A further reason, albeit more speculative, is that the modern world seems intrinsically fragile. We know from people’s distrust of markets, and from their reluctance to embrace Darwinian evolution, that spontaneous order is unintuitive. Huge, complex societies like ours seem fantastically unstable when you ponder all the ways they could go wrong. But such societies must be stable to have endured so much change for so long. Extinction scenarios, much like “singularity” scenarios, may also be attractive for their simplicity. Imagining our future as a hell or heaven takes far less effort than imagining it as a farrago of good and bad aspects, which it most likely will be.
But perhaps the most important reason why xrisk thinkers are pessimistic is that optimism is a mug’s game: If you’re wrong, you were complacent; if you’re right, you were lucky. Pessimists face no such trap; if their predictions aren’t vindicated, they can claim their warnings saved the day, and no one can prove them wrong.
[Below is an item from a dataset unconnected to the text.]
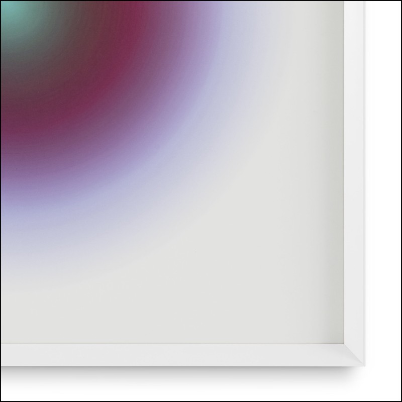 The contrast between the white frame and the painting itself creates a unique
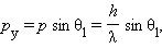 где p – модуль полного импульса электрона, равный, согласно де Бройлю, h / λ. Величина p при прохождении электрона через щель не меняется, т. к. остается неизменной длина волны λ. Из этих соотношений следует

1Unlike Torres, I consider xrisk a valuable field of study. Humanity is not guaranteed a place in the stars. We could join the darkness as our cousin species did, if we’re too complacent, unlucky, or careless. But I don’t think our situation is as dire as many xrisk scholars do.
2Covid-19 has taken many lives and could take far more, but the prediction engine Metaculus currently estimates that about 2 million people will die from the disease by 2021, or around 0.02 percent of the world population. To kill as large a fraction of humanity as the Spanish Flu, Covid-19 would have to wipe out 100 times that figure–by no means impossible over the coming years, but not obviously likely either. And even that colossal tragedy would have to be 12 times worse still to match the Black Death.
3Our foraging ancestors had a better claim to be living in a time of perils, when you consider that all other species in the genus Homo went extinct in their technological infancy.
4Nuclear weapons are a paradigmatic example of a technology widely touted for decades to be existentially dangerous, but most xrisk scholars today, after years of careful analysis, think nukes are unlikely to wipe out humanity. Some xrisk scholars note that the Manhattan Project scientists feared nukes would ignite the atmosphere before they tested them, and cite this moment as heralding the age of anthropogenic xrisk. But it’s more apt to say that this moment heralded the age of caring about such risk.